Key findings which may be relevant to RePosit
• Authors: low awareness of repository and OA in general, including funder OA requirements. Deposit barrier: deposit not seen as relevant to their academic discipline. Copyright checking the most valued aspect of the repository service. Usage statistics most desired add on service. Fewer academics spontaneously archive on their own web pages than we thought (16%); much of this material is grey literature. Maths and Computing had strongest self-archiving profile. A large cultural and behavioural shift will be required for widespread self-archiving; targeting early career researchers and PhD students may help cultural change. (Questionnaire summary document).
• Versioning / file capture: project concluded version confusion was a barrier to deposit and this was best addressed by routinely asking for the “accepted version” of the work at the point of acceptance for publication. Possible model to investigate (i) initial capture of file and skeleton metadata (ii) subsequent post-publication metadata completion.
• “Proxy” depositors: local administrators are well placed to “champion” and support the repository in ways that more “remote” central repository staff are not; this advantage needs to be balanced against the need to provide training and support for departmentally based staff.
• Manual metadata: varied hugely in quality and improvement was resource hungry. Services need to weigh benefits of improvement against cost. Dealing with legacy data is challenging! There is scope for further automation of quality control processes e.g. reporting tool run against agreed metadata quality criteria.
• Sharing data: we need to work out the relationship between institutional repositories and subject / funder repositories (arXiv, RePEC, PMC, ESRC) to avoid unnecessary duplication of effort - and for more powerful advocacy.

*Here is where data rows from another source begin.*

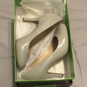New grey pumps. Only tried around the house. Too big! Ugggh! 3 1/2in heel height. No damage. In original box.
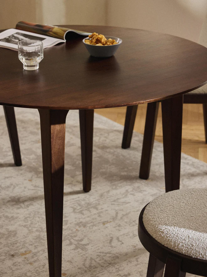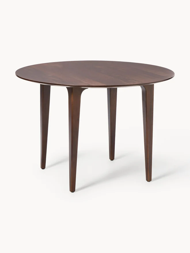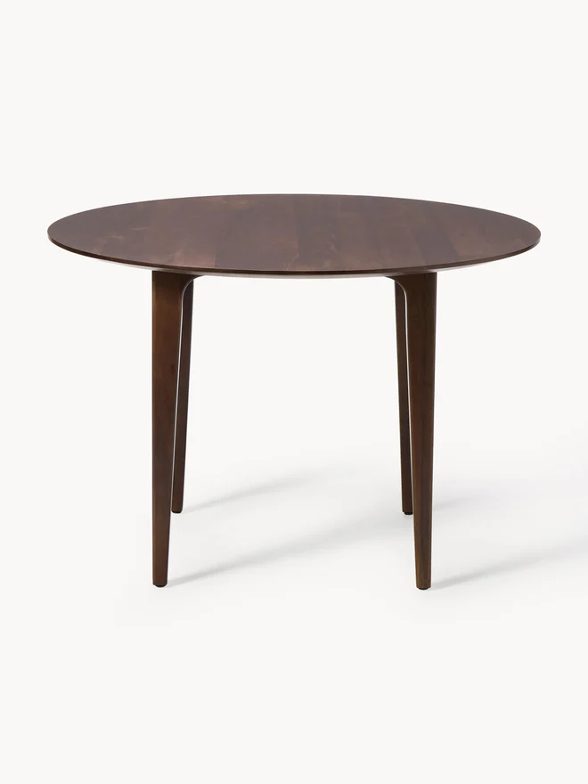 Padmaru Dining Table menawarkan desain elegan dengan sentuhan modern melalui bentuk bundar klasik dan kaki ramping yang meruncing. Terbuat dari kayu solid berkualitas dengan finishing cokelat gelap yang menawan, meja ini memberikan kesan hangat sekaligus premium. Detail lekukan pada kaki menambah karakter visual yang lembut, sementara permukaannya yang halus memberikan estetika natural yang sangat memanjakan mata.
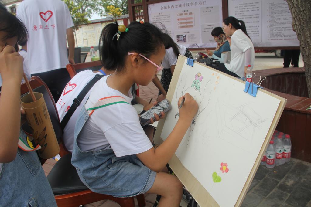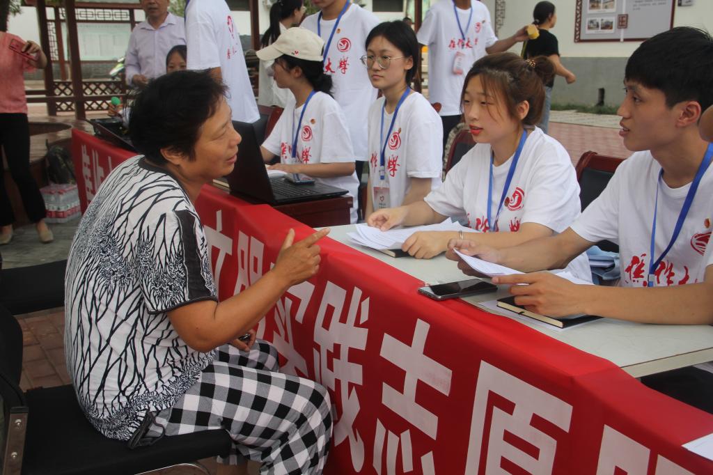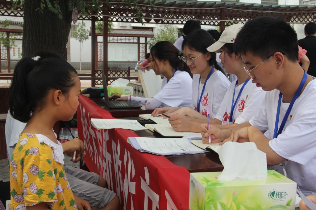 7月7日上午,实践队员统一着装,怀着满腔期待与奉献的心到达博爱县金城乡西金城村。博爱县委宣传部副部长袁金胜看望服务团成员,对我校组织此次社会实践活动表示欢迎。栗岩介绍了此次社会实践的服务项目、活动安排以及实践队员情况。期间,博爱电视台对我校此次活动予以报道。
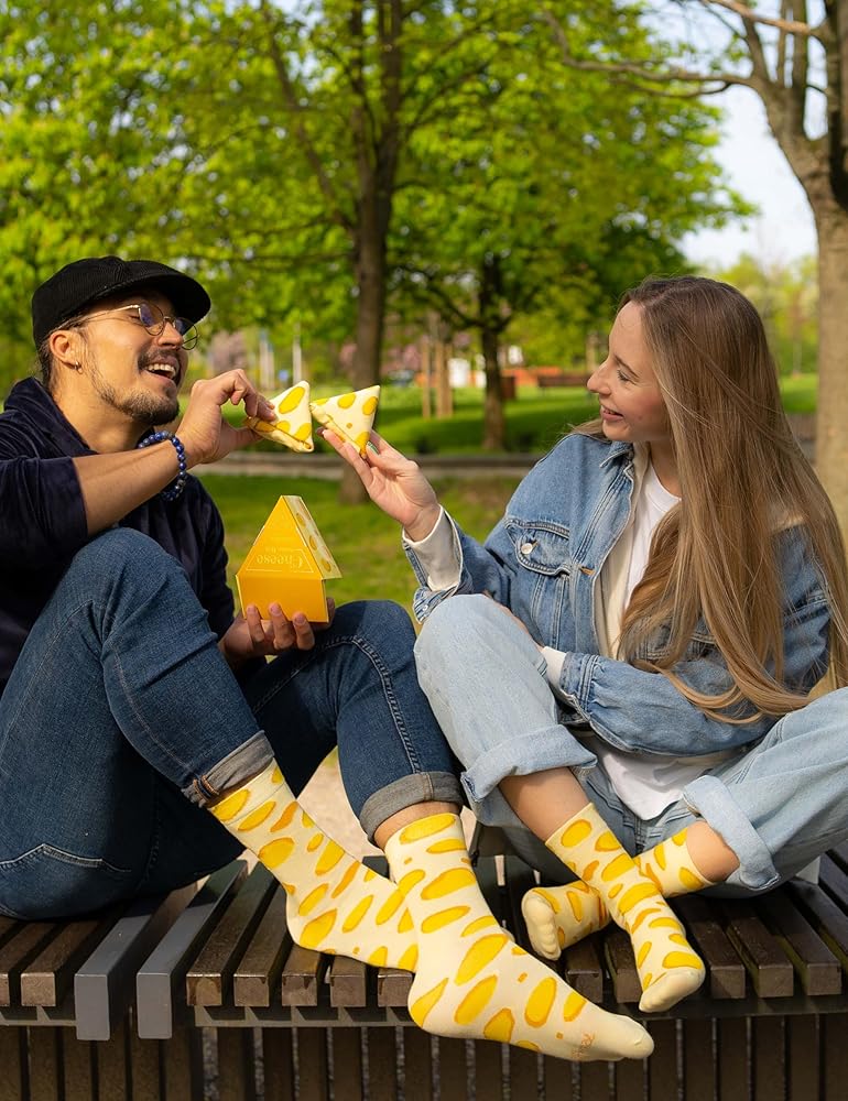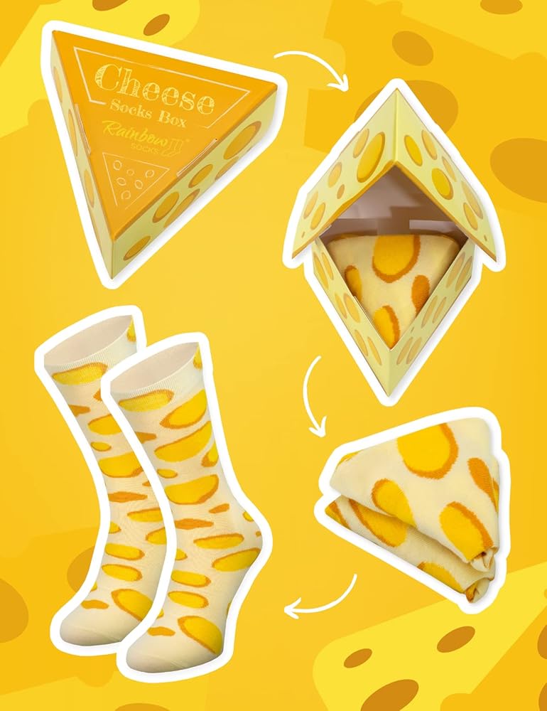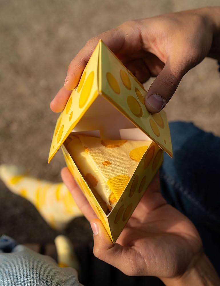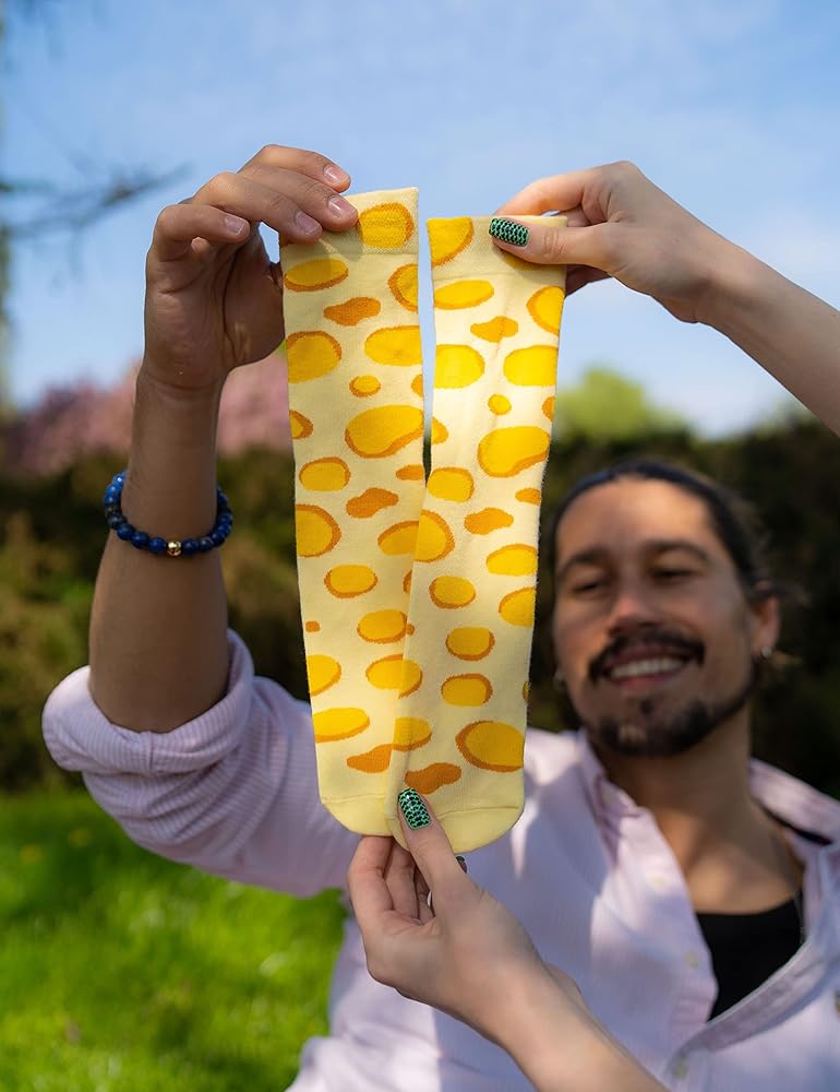 أصفر مع ثقوب كبيرة! - بدءًا من اليوم، سيكون لديك دائمًا وجبتك الخفيفة المفضلة بجانبك! الجوارب متوفرة بمقاسات: الاتحاد الأوروبي 36-40 / الولايات المتحدة 5.5-9، الاتحاد الأوروبي 41-46 / الولايات المتحدة 9.5-13 أو الاتحاد الأوروبي 47-50 / الولايات المتحدة 13.5-15. بالنسبة لعشاق الجبن الحقيقيين، لدينا أيضًا ملابس داخلية للنساء والرجال بنفس التصميم - في ما يصل إلى 6 إصدارات!
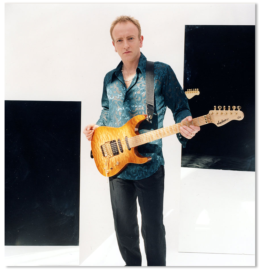 Euphoria album shoot 1999. Color promotional portrait of Vivian Campbell holding a guitar. From the collection of Def Leppard.
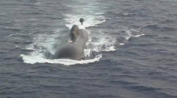 印度在打捞沉没的潜艇时的场景
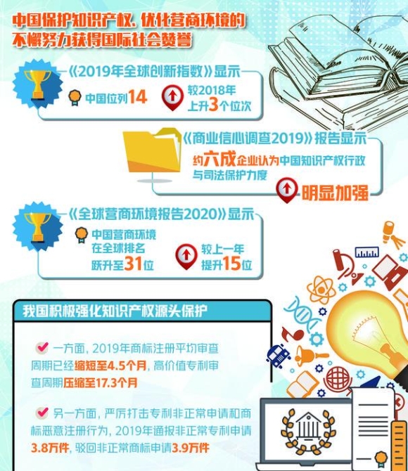 世界銀行發(fā)布《全球營商環(huán)境報(bào)告2020》顯示,中國營商環(huán)境在全球排名躍升至31位,較上一年提升15位。在營造良好營商環(huán)境中,知識(shí)產(chǎn)權(quán)保護(hù)發(fā)揮了重要的作用。
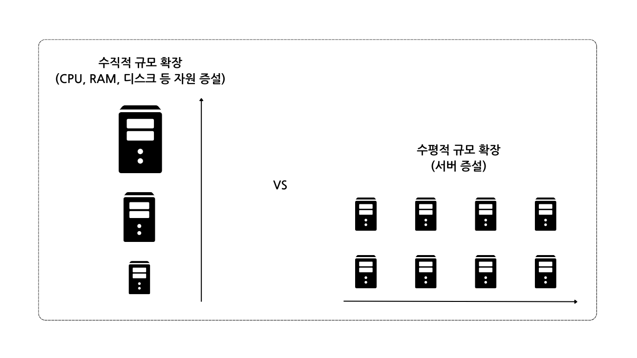 - 수평적 규모 확장(scale out)이라고도 하는 수평적 규모 확장 프로세스는 더 많은 서버를 추가하여 성능을 개선하는 행위를 말한다.
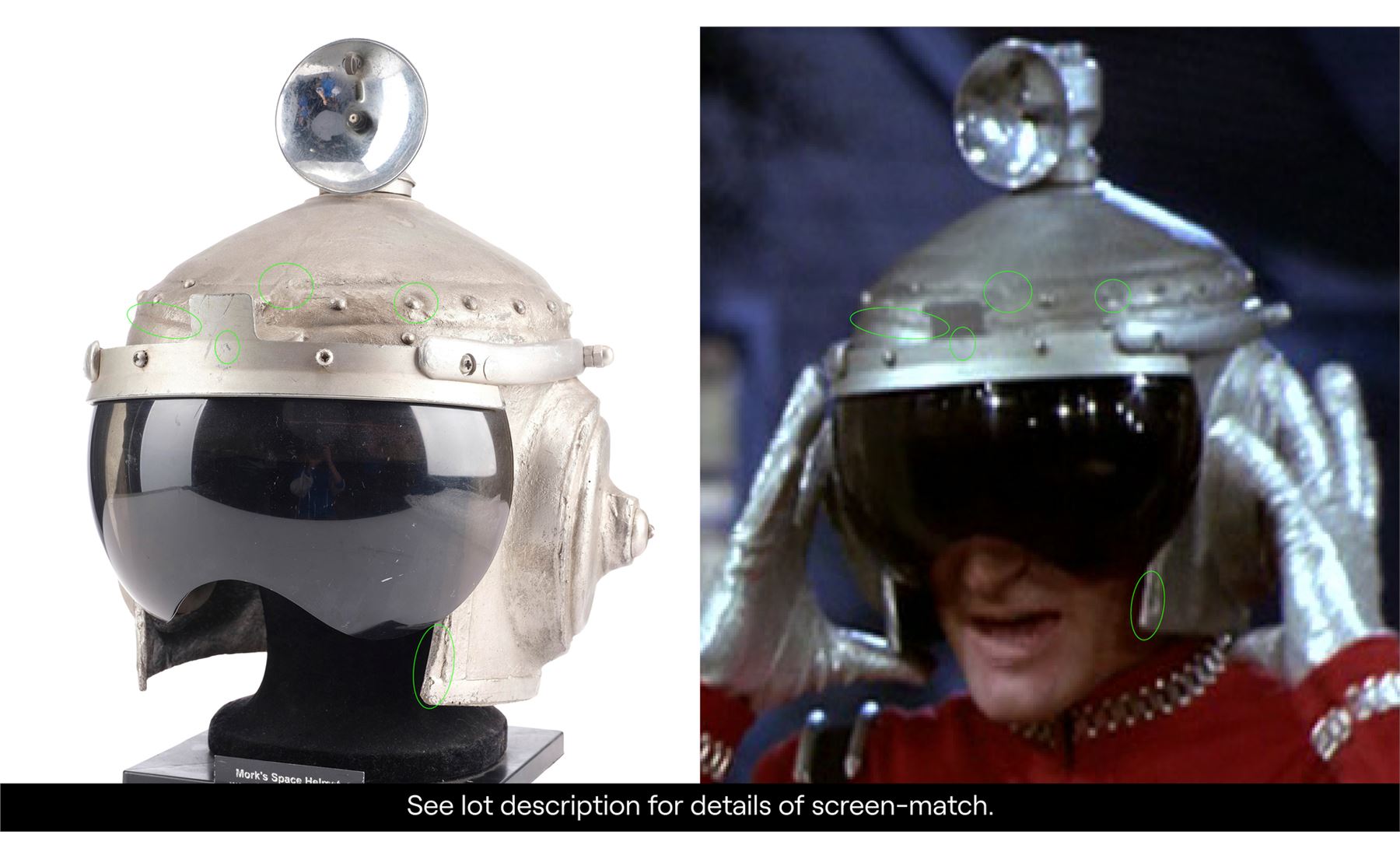 MORK & MINDY (T.V. SERIES, 1978 - 1982)/THE OUTER LIMITS (T.V. SERIES, 1963 - 1965) - Mork's (Robin Williams) Screen-Matched Helmet - Mork's (Robin Williams) screen-matched helmet from the television series Mork and Mindy. Mork wore his helmet as he landed on Earth from Ork in his egg-shaped spaceship and later wore it during a visit to Arthur "Fonzie" Fonzarelli's (Henry Winkler) house in the pilot episode.
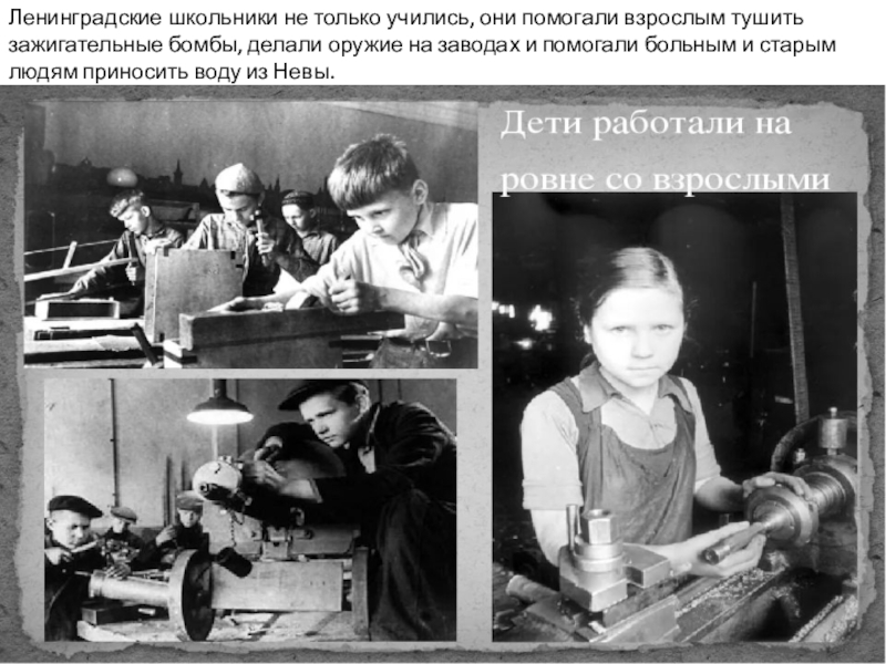 Слайд 25Ленинградские школьники не только учились, они помогали взрослым тушить зажигательные бомбы,
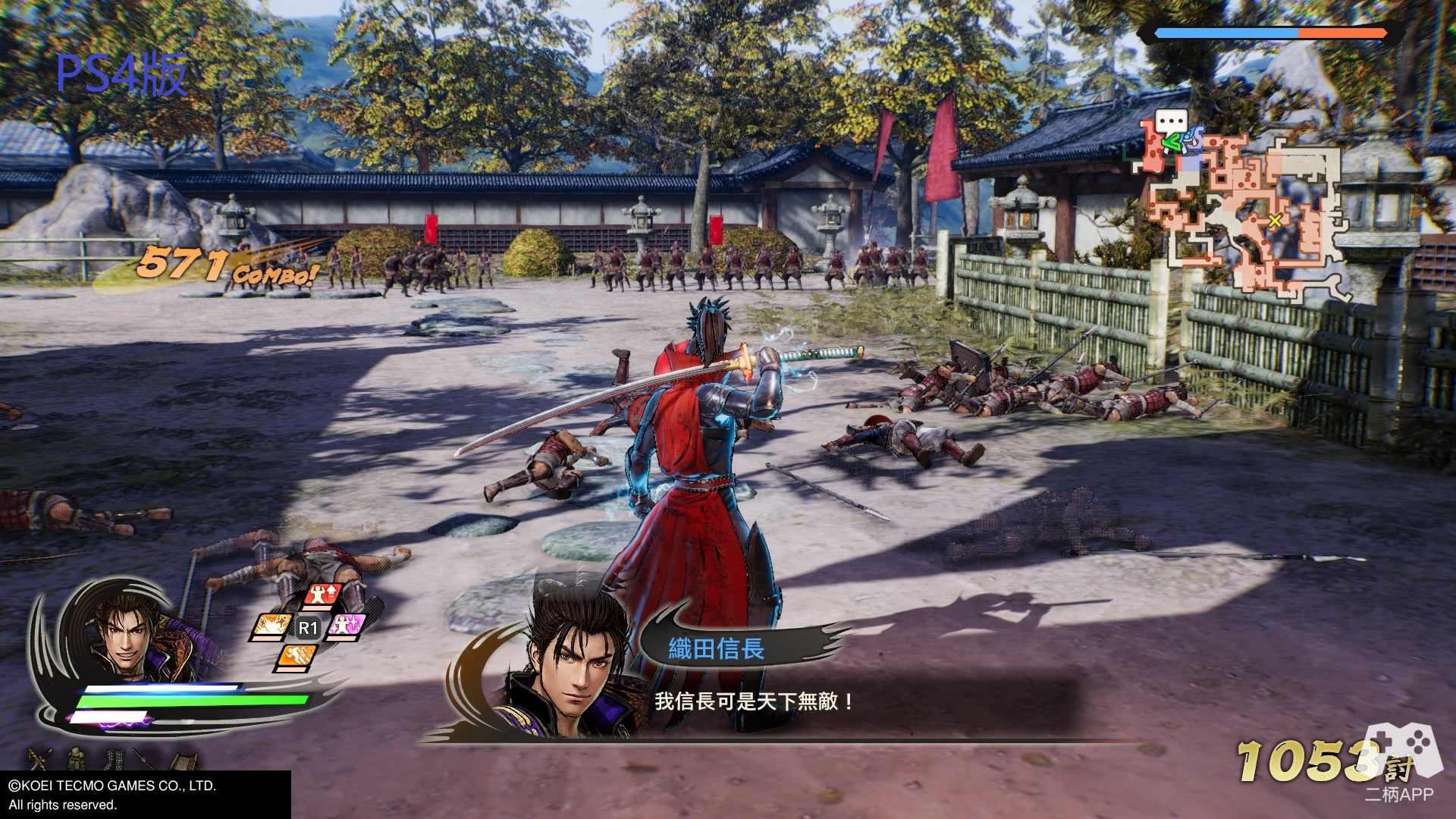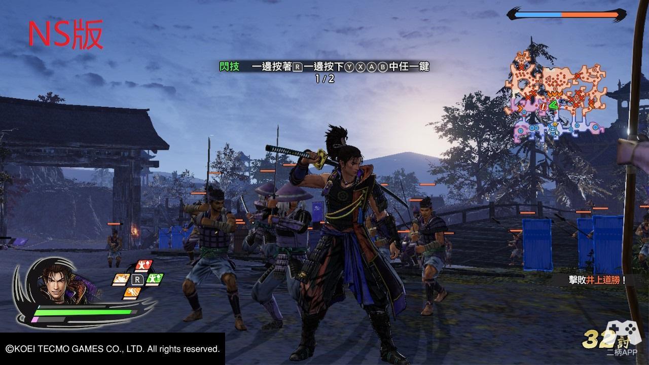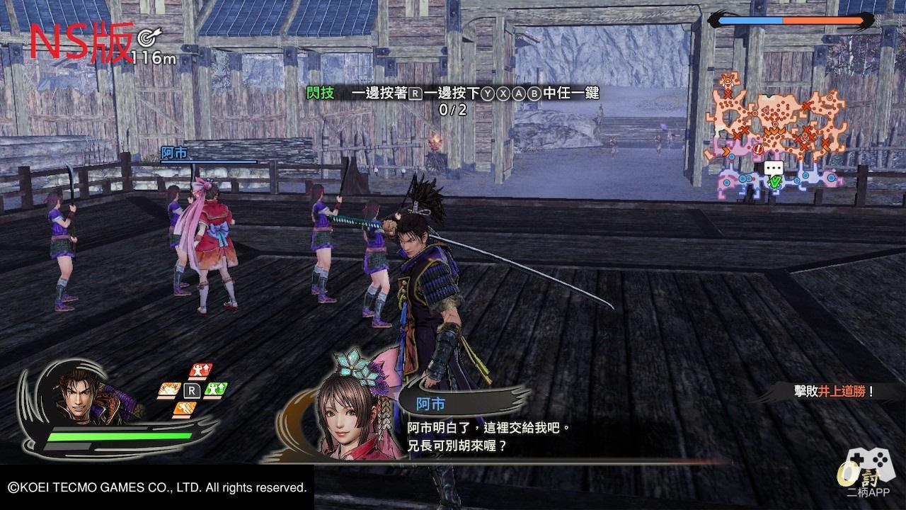 游戏的战斗一如既往的“爽快”!!! 整体战斗风格延续了无双系列传统的“C技”连段模式,前作好评的“神速”系统有保留下来,虽然没有之前那么BUG,不过后续可接普攻或C技,无论是清杂兵还是作为追combo的手段都十分好用。新增加的“闪技”也很好的取代了前作的道具系统(R键集合右边四个按键使用,笔者第一反应是Basara中的固有技),虽然闪技有着CD冷却时间,不过与其他攻击手段配合使用依旧有着不错的效果。此外,通过连击蓄满“练技槽”后可开启极意模式,在该状态下释放皆传无双有角色的特写,虽然类型不同,但还是让人有种和P5放完必杀那般的异曲同工之妙,结合新画风不仅让人眼前一亮也更让爽快度再度提升。

• Funders: linking research grant details to output is necessary to (i) show compliance with funder open access requirements and (ii) flag the requirement for onward deposit to (or harvesting from) a subject repository. ESRC collaborated on the IncReASe project; in principle, ESRC were open to the idea of accepting deposits directly from SWORD compliant repositories. There is further scope to explore this function. Would be a strong selling point for both depositors and research administrators.